Asturias espera un verano caluroso

Un grupo de niños se baña en el Río Cares./ NEL ACEBAL
Un grupo de niños se baña en el Río Cares. / NEL ACEBAL

A pesar de las altas temperaturas, los días de sol serán más escasos de lo habitual | «La probabilidad de tener estaciones cálidas es cada vez mayor», afirma el delegado de la Aemet, que lo vincula al efecto del cambio climático

DANI BUSTOOVIEDO.

Convendrá no guardar la ropa de primavera y entretiempo muy en el fondo del armario. El verano asturiano se prevé caluroso, pero los días de sol y playa estarán muy cotizados. Es la conclusión que se desprende de la previsión realizada por la Agencia Estatal de Meteorología (Aemet) para los meses de junio, julio, agosto y septiembre en el Principado.

El delegado territorial de la Aemet en Asturias, Ángel Gómez Peláez, detalló ayer que hay un 50% de probabilidades de que el verano sea más cálido de lo habitual, mientras que las posibilidades de que vengan meses más fríos que en años precedentes se quedan tan solo en un 20%.

Con respecto a las lluvias, el modelo de predicción utilizado por Aemet no ha obtenido una «señal climatológica significativa», lo que se traduce en que hay las mismas probabilidades (33,3%) de que los meses de junio, julio y agosto sean húmedos, normales o secos.

Más información

Por tanto, el verano, que comienza esta tarde a las 17.54 horas y que durará hasta el 23 de septiembre, tendrá a los asturianos pendientes del cielo a diario en el caso de que tengan previsto realizar algún plan al aire libre. Nada nuevo, en realidad, respecto a las épocas estivales precedentes más recientes.

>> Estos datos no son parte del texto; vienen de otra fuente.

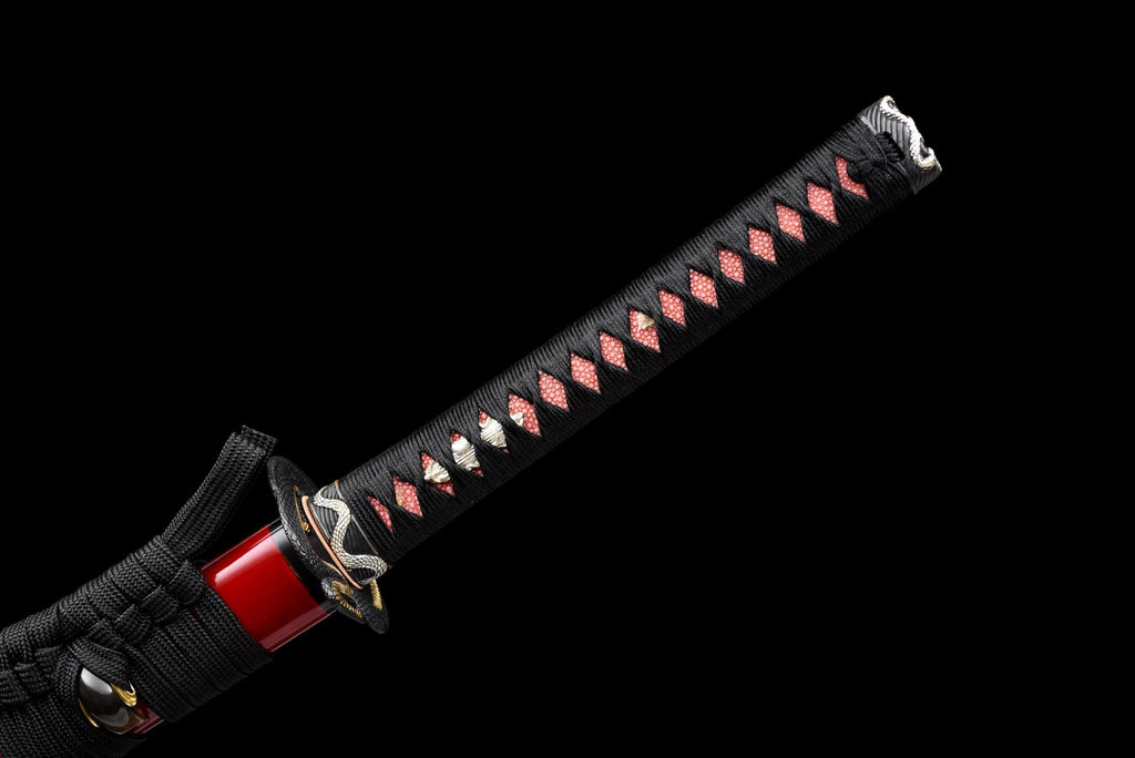 Noyau en bois enveloppé dans un ito en coton noir serré sur du samegawa cramoisi profond (peau de raie). Rehaussé de menuki en forme de serpent détaillés pour la prise et le style, assurant à la fois confort et contrôle supérieur lors de la manipulation. |

Para el conjunto del país, también se prevé que el verano sea más caluroso de lo normal, con valores en torno a 0,5 grados por encima de la media de referencia, tras una primavera que fue la sexta más seca del siglo XXI y que confirma la situación de sequía meteorológica. Con todo, estas previsiones a largo plazo son complicadas de concretar, según explicó el delegado territorial, ya que «los pequeños errores iniciales en el estado de la atmósfera, con el paso del tiempo, se van amplificando».

Ángel Gómez también mostró un balance de la primavera, que fue cálida (0,2 grados por encima de la media, especialmente en marzo y mayo), soleada, algo ventosa, con poca actividad tormentosa y con un 32% menos de precipitaciones respecto a lo habitual en la región en esta época del año. «La probabilidad de tener estaciones cálidas cada vez es mayor», comentó el delegado territorial, quien atribuyó esta tendencia a los efectos del cambio climático que se está produciendo en todos los rincones del mundo. La tendencia general, matizó, «puede atribuirse al cambio climático, pero no así cada evento singular de aumento de temperaturas».

Aunque con carácter general la primavera fue cálida en el conjunto de la región, el oriente asturiano contó con un carácter térmico normal, e incluso frío, mientras que otras zonas tuvieron niveles muy cálidos.

La mayor parte de la actividad tormentosa de la primavera, cuando se produjeron un total de 780 descargas eléctricas, se concentró en abril, dado que en marzo se produjeron 68, mientras que en mayo únicamente se registró un rayo.

Gómez indicó que durante los meses primaverales los asturianos disfrutaron de un 34% más de horas de sol de lo habitual, mientras que el viento se dejó notar un 12% más que los valores frecuentes.

Durante el balance, realizado en la sala de prensa de la Delegación del Gobierno, en Oviedo, el delegado territorial apuntó dos episodios significativos de la primavera. El primero, la borrasca 'Laura', que dejó a principios de marzo precipitaciones de hasta 50,2 litros por metro cuadrado en Degaña y rachas de viento de hasta 125 kilómetros por hora en Sotres; y en segundo lugar, la ola de calor intenso de mayo, procedente de África, cuando se alcanzaron temperaturas máximas de 31,9 grados en Mieres.

Mañana se llegará a 27 grados

A lo largo de los próximos días, la Aemet prevé precipitaciones débiles en el conjunto del Principado, salvo mañana, cuando se podrá disfrutar de «buen tiempo» con cielos con nubes y claros y temperaturas máximas que subirán hasta los 27 grados.

A partir del domingo se percibirá una ligera bajada de estos valores y lluvias «no intensas», la «tónica habitual para esta época del año», según apuntó Gómez.

Para los primeros días de julio igualmente se pronosticaron precipitaciones y valores términos «normales» para este periodo, a excepción de las zonas costeras, donde las temperaturas pueden ser «ligeramente menores» que en el resto de Asturias.